The Singapore Exchange, by far the largest forum for iron ore swaps, cleared almost 10 million tonnes in July, or about 25 percent more than in May, when the previous record was set, according to preliminary data supplied by iron ore index provider the Steel Index.
The growth in July was due to new participants entering the market and to existing players trading higher volumes than usual, brokers said.
Trading started to increase after the physical price, which had been in the $130-150 range for the last eight months, broke below a key support level, they added.
"Once the index got through $130, people started to make some decisions about their forward positions, as that was a key support level," said John Wright, head of the GFI iron ore and steel brokerage desk.
"When you get big movements people have to adjust their positions with spreads, they have to get in their positions, get out of their positions; it certainly boosts volumes."
International physical spot prices .IO62-CNI=SI have fallen by about 15 percent in the last 3 weeks to hit $115.2 a tonne on Wednesday, their lowest in over 2 and a half years, before recovering a little on Thursday.
SMALL BUT GROWING
The iron ore swaps market is still relatively young: it started in 2008 and got a boost by the move of physical pricing to shorter mechanism 2 years ago.

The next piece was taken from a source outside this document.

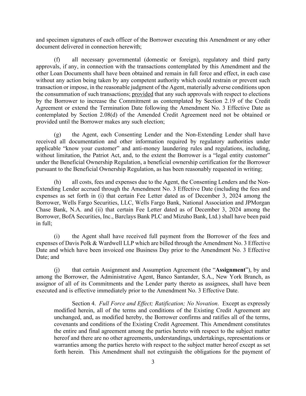 3 and specimen signatures of each officer of the Borrower executing this Amendment or any other document delivered in connection herewith; (f) all necessary governmental (domestic or foreign), regulatory and third party approvals, if any, in connection with the transactions contemplated by this Amendment and the other Loan Documents shall have been obtained and remain in full force and effect, in each case without any action being taken by any competent authority which could restrain or prevent such transaction or impose, in the reasonable judgment of the Agent, materially adverse conditions upon the consummation of such transactions; provided that any such approvals with respect to elections by the Borrower to increase the Commitment as contemplated by Section 2.19 of the Credit Agreement or extend the Termination Date following the Amendment No. 3 Effective Date as contemplated by Section 2.08(d) of the Amended Credit Agreement need not be obtained or provided until the Borrower makes any such election; (g) the Agent, each Consenting Lender and the Non-Extending Lender shall have received all documentation and other information required by regulatory authorities under applicable “know your customer” and anti-money laundering rules and regulations, including, without limitation, the Patriot Act, and, to the extent the Borrower is a “legal entity customer” under the Beneficial Ownership Regulation, a beneficial ownership certification for the Borrower pursuant to the Beneficial Ownership Regulation, as has been reasonably requested in writing; (h) all costs, fees and expenses due to the Agent, the Consenting Lenders and the Non- Extending Lender accrued through the Amendment No. 3 Effective Date (including the fees and expenses as set forth in (i) that certain Fee Letter dated as of December 3, 2024 among the Borrower, Wells Fargo Securities, LLC, Wells Fargo Bank, National Association and JPMorgan Chase Bank, N.A. and (ii) that certain Fee Letter dated as of December 3, 2024 among the Borrower, BofA Securities, Inc., Barclays Bank PLC and Mizuho Bank, Ltd.) shall have been paid in full; (i) the Agent shall have received full payment from the Borrower of the fees and expenses of Davis Polk & Wardwell LLP which are billed through the Amendment No. 3 Effective Date and which have been invoiced one Business Day prior to the Amendment No. 3 Effective Date; and (j) that certain Assignment and Assumption Agreement (the “Assignment”), by and among the Borrower, the Administrative Agent, Banco Santander, S.A., New York Branch, as assignor of all of its Commitments and the Lender party thereto as assignees, shall have been executed and is effective immediately prior to the Amendment No. 3 Effective Date. Section 4. Full Force and Effect; Ratification; No Novation. Except as expressly modified herein, all of the terms and conditions of the Existing Credit Agreement are unchanged, and, as modified hereby, the Borrower confirms and ratifies all of the terms, covenants and conditions of the Existing Credit Agreement. This Amendment constitutes the entire and final agreement among the parties hereto with respect to the subject matter hereof and there are no other agreements, understandings, undertakings, representations or warranties among the parties hereto with respect to the subject matter hereof except as set forth herein. This Amendment shall not extinguish the obligations for the payment of

Many financial and some industrial participants willing to gain exposure to a main Chinese import or hedge their physical positions, have since entered this market attracted by the rapid growth rate.
As existing players gain confidence they start to increase their trading volumes while new comers also start dipping their toes and this should support the rapid growth rate seen in recent years, brokers said.
"I think we will see the volume increase stay; commodity volatility has increased across the board and traders want exposure to commodities that have a China component," said Clive Murray, head of iron ore and coal brokerage London Commodity Brokers.
Derivatives volumes still represent less than 10 percent of a physical seaborne market of more than 1.1 billion tonnes a year.
Although many financial players and physical traders have been focusing on this growing market, some of the producers and most large steelmakers have resisted the idea of using these instruments so far.
Many of them said the liquidity is still too low to hedge their whole exposure to iron ore.
"This market is still in its early stage of development - it's growing very fast but it takes time for market participants to embrace it," said Steven Randall of the Steel Index.
"You have got to appreciate that this is a massive change for the steel industry because historically they are not organised to do this."
The largest steelmakers will only trade small volumes in the next few years, until liquidity expands further and they develop the understanding of how to benefit from them.